Data =
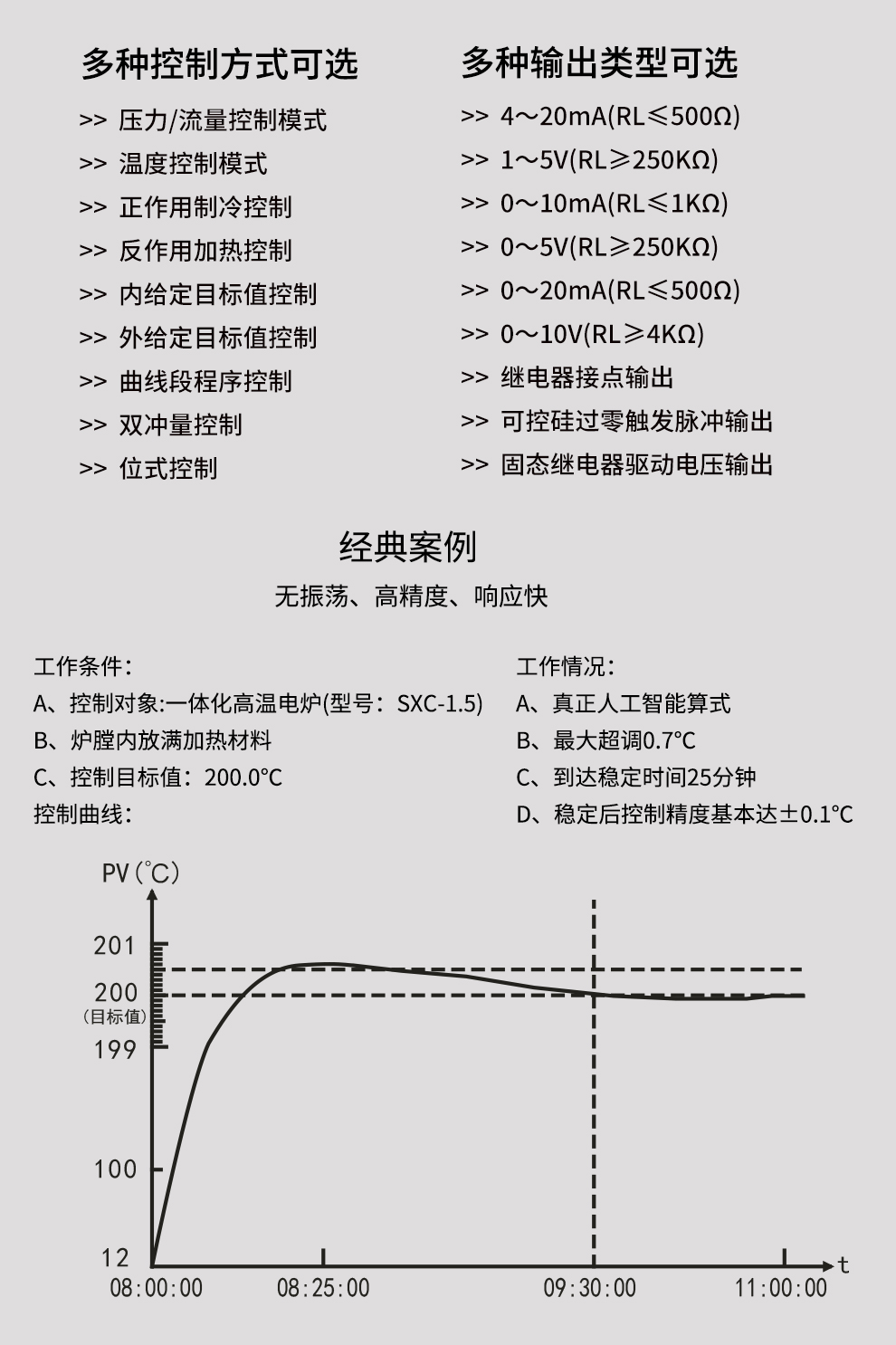虹潤公司是專業(yè)生產(chǎn)溫控器的國家專精特新“小巨人”企業(yè)。生產(chǎn)的彩色調(diào)節(jié)無紙記錄儀,具有8路PID獨(dú)立控制,真正人工智能算式,無需人工整定參數(shù),控制精度達(dá)士0.1°C,支持以太網(wǎng)/RS485通訊輸出等特點(diǎn)。產(chǎn)品獲得智能化控制器、人工智能調(diào)節(jié)器及調(diào)節(jié)方法、模糊PID控制儀及控制方法、一種平板無紙記錄儀、巡回檢測顯示方法及裝置等5項(xiàng)國家發(fā)明專利,主持起草物聯(lián)網(wǎng)智能記錄儀表通用技術(shù)條件、物聯(lián)網(wǎng)智能溫度儀表通用技術(shù)條件、工業(yè)過程測量和控制系統(tǒng)用智能調(diào)節(jié)器等3項(xiàng)國家標(biāo)準(zhǔn),通信系統(tǒng)多通道數(shù)據(jù)采集控制終端規(guī)范軍用標(biāo)準(zhǔn),以及空間數(shù)據(jù)與信息數(shù)據(jù)傳輸系統(tǒng)等2項(xiàng)航天標(biāo)準(zhǔn)。參與國際5G標(biāo)準(zhǔn)制定,取得液晶數(shù)據(jù)采集無紙記錄儀等4項(xiàng)相關(guān)軟件著作權(quán)。產(chǎn)品廣泛應(yīng)用于電石化、工業(yè)爐、試驗(yàn)設(shè)備、注塑機(jī)械、包裝機(jī)械等需要對現(xiàn)場溫度進(jìn)行監(jiān)測控制的行業(yè)。
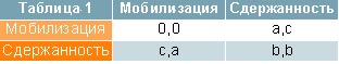 Проблемы конфликтов и сотрудничества (с позиций теории игр) живо интересуют израильтянина Роберта Ауманна (Robert J. Aumann [1]) и американца Томаса Шеллинга (Thomas C. Schelling [2]), разделивших в этом году Нобелевскую премию по экономике. Ведь войны, агрессия, страх, насилие - это то, что разрушает экономики и делает жизнь человека "одинокой, бедной, отвратительной, зверской и короткой" (Томас Гоббс). Вклад социолога Шеллинга тесно связан с развитием теории ядерного сдерживания. Он анализирует переговоры - не только в их классическом виде, но и когда, по словам ученого, "два грузовика с динамитом встречаются на дороге, достаточно широкой лишь для одного". Вот краткая иллюстрация его теории. Возьмем два государства, предъявляющих друг к другу территориальные претензии. Их противостояние имеет две ступени эскалации: военную мобилизацию и начало реальных боевых действий. Взаимная мобилизация ведет к высокой вероятности войны и служит нулевой точкой отсчета в оценке последствий того или иного разрешения ситуации. Приобретения и потери агрессора (a) и жертвы (c), прелести взаимного миролюбия (b) образуют матрицу (табл. 1), в которой одна из сторон выбирает себе строку, а другая - столбец.
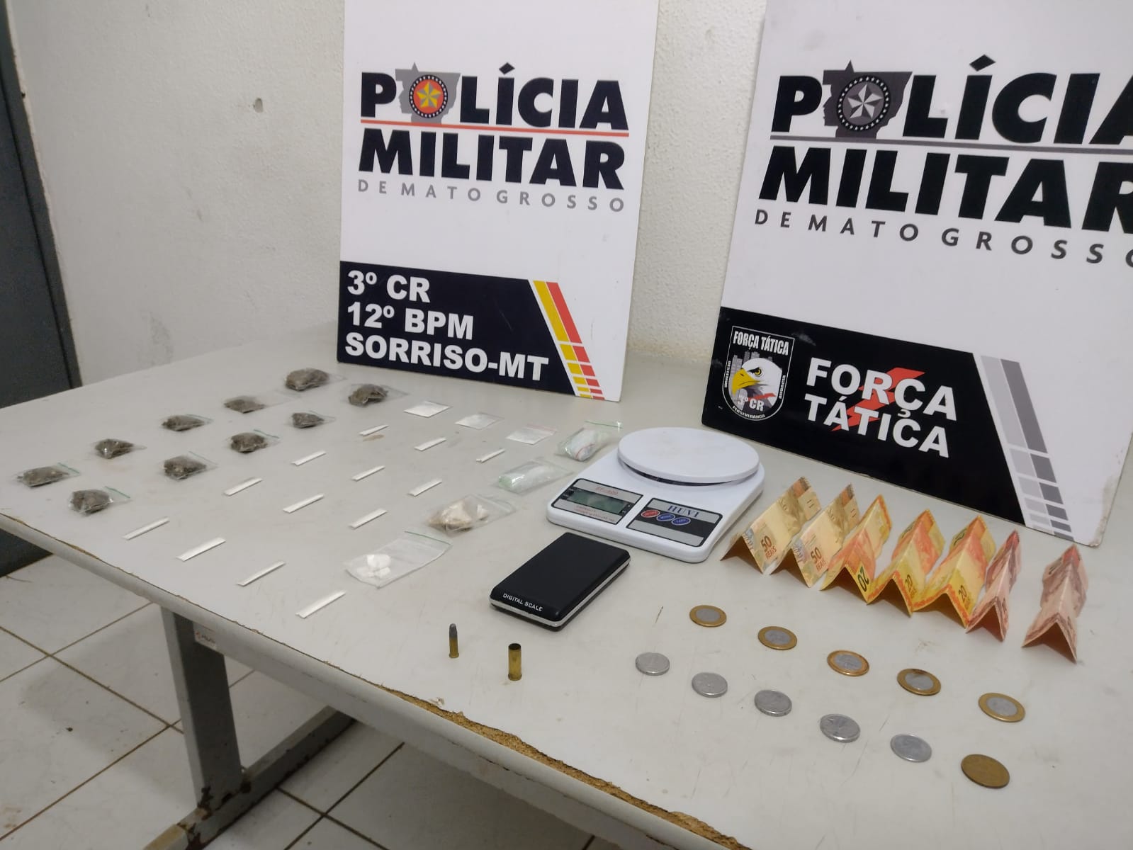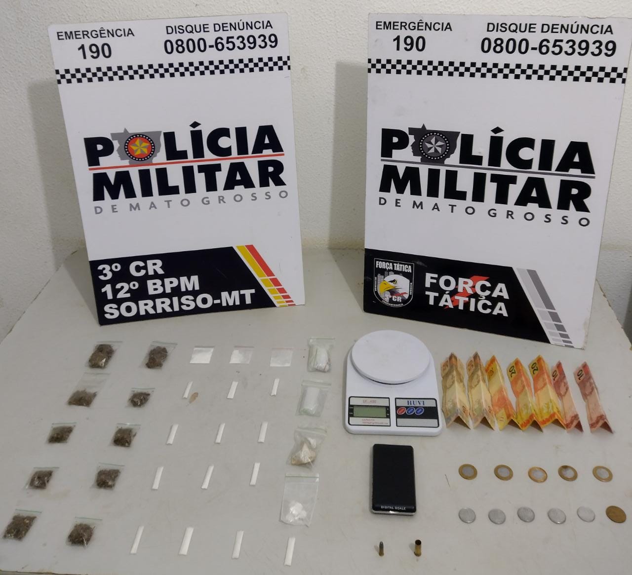 Foram apreendidos 10 (dez) Porções de substância similar a maconha; 17 (Dezessete) Porções de substância similar a Cocaína; 02 (duas) Porções de substância similar a pasta base de cocaína; 02 (duas) Balanças de precisão; 01 (um) Munição intacta de Calibre.22; 01 (um) Munição deflagrada Calibre .32; R$ 187,75 (cento e oitenta e sete reais e setenta e cinco centavos) em moeda corrente.
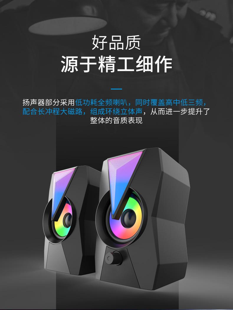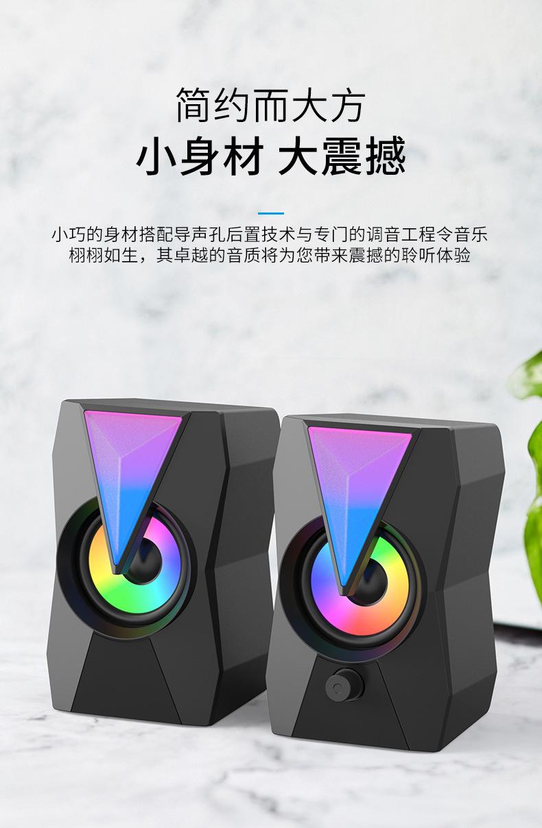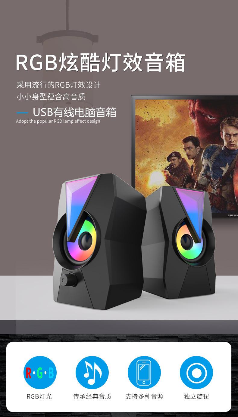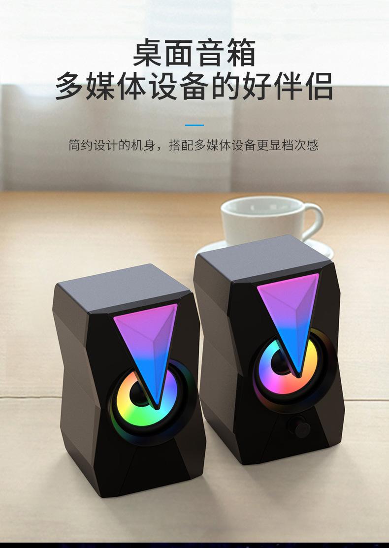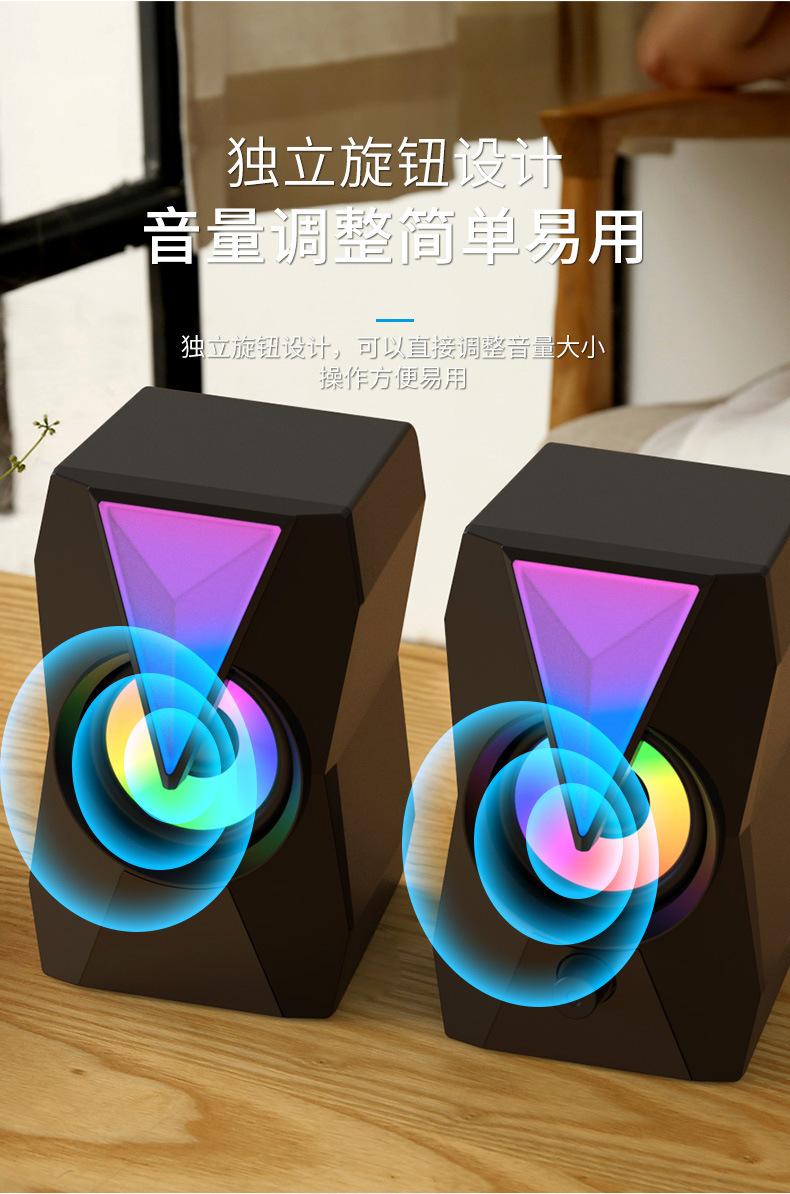 Altavoces para ordenador luminosos RGB con cable 2.0 multimedia con perilla, altavoces pequeños de escritorio, altavoces activos para ordenador portátil de escritorioTrompeta pequeña al por mayor, una pieza, envío directo

Task requirements =
From the first line to the last, transcribe the listing exactly; skip the pictures.

Written answer =
虹潤公司是專業(yè)生產(chǎn)溫控器的國家專精特新“小巨人”企業(yè)。生產(chǎn)的彩色調(diào)節(jié)無紙記錄儀,具有8路PID獨(dú)立控制,真正人工智能算式,無需人工整定參數(shù),控制精度達(dá)士0.1°C,支持以太網(wǎng)/RS485通訊輸出等特點(diǎn)。產(chǎn)品獲得智能化控制器、人工智能調(diào)節(jié)器及調(diào)節(jié)方法、模糊PID控制儀及控制方法、一種平板無紙記錄儀、巡回檢測顯示方法及裝置等5項(xiàng)國家發(fā)明專利,主持起草物聯(lián)網(wǎng)智能記錄儀表通用技術(shù)條件、物聯(lián)網(wǎng)智能溫度儀表通用技術(shù)條件、工業(yè)過程測量和控制系統(tǒng)用智能調(diào)節(jié)器等3項(xiàng)國家標(biāo)準(zhǔn),通信系統(tǒng)多通道數(shù)據(jù)采集控制終端規(guī)范軍用標(biāo)準(zhǔn),以及空間數(shù)據(jù)與信息數(shù)據(jù)傳輸系統(tǒng)等2項(xiàng)航天標(biāo)準(zhǔn)。參與國際5G標(biāo)準(zhǔn)制定,取得液晶數(shù)據(jù)采集無紙記錄儀等4項(xiàng)相關(guān)軟件著作權(quán)。產(chǎn)品廣泛應(yīng)用于電石化、工業(yè)爐、試驗(yàn)設(shè)備、注塑機(jī)械、包裝機(jī)械等需要對現(xiàn)場溫度進(jìn)行監(jiān)測控制的行業(yè)。
 Проблемы конфликтов и сотрудничества (с позиций теории игр) живо интересуют израильтянина Роберта Ауманна (Robert J. Aumann [1]) и американца Томаса Шеллинга (Thomas C. Schelling [2]), разделивших в этом году Нобелевскую премию по экономике. Ведь войны, агрессия, страх, насилие - это то, что разрушает экономики и делает жизнь человека "одинокой, бедной, отвратительной, зверской и короткой" (Томас Гоббс). Вклад социолога Шеллинга тесно связан с развитием теории ядерного сдерживания. Он анализирует переговоры - не только в их классическом виде, но и когда, по словам ученого, "два грузовика с динамитом встречаются на дороге, достаточно широкой лишь для одного". Вот краткая иллюстрация его теории. Возьмем два государства, предъявляющих друг к другу территориальные претензии. Их противостояние имеет две ступени эскалации: военную мобилизацию и начало реальных боевых действий. Взаимная мобилизация ведет к высокой вероятности войны и служит нулевой точкой отсчета в оценке последствий того или иного разрешения ситуации. Приобретения и потери агрессора (a) и жертвы (c), прелести взаимного миролюбия (b) образуют матрицу (табл. 1), в которой одна из сторон выбирает себе строку, а другая - столбец.
 Foram apreendidos 10 (dez) Porções de substância similar a maconha; 17 (Dezessete) Porções de substância similar a Cocaína; 02 (duas) Porções de substância similar a pasta base de cocaína; 02 (duas) Balanças de precisão; 01 (um) Munição intacta de Calibre.22; 01 (um) Munição deflagrada Calibre .32; R$ 187,75 (cento e oitenta e sete reais e setenta e cinco centavos) em moeda corrente.
 Altavoces para ordenador luminosos RGB con cable 2.0 multimedia con perilla, altavoces pequeños de escritorio, altavoces activos para ordenador portátil de escritorioTrompeta pequeña al por mayor, una pieza, envío directo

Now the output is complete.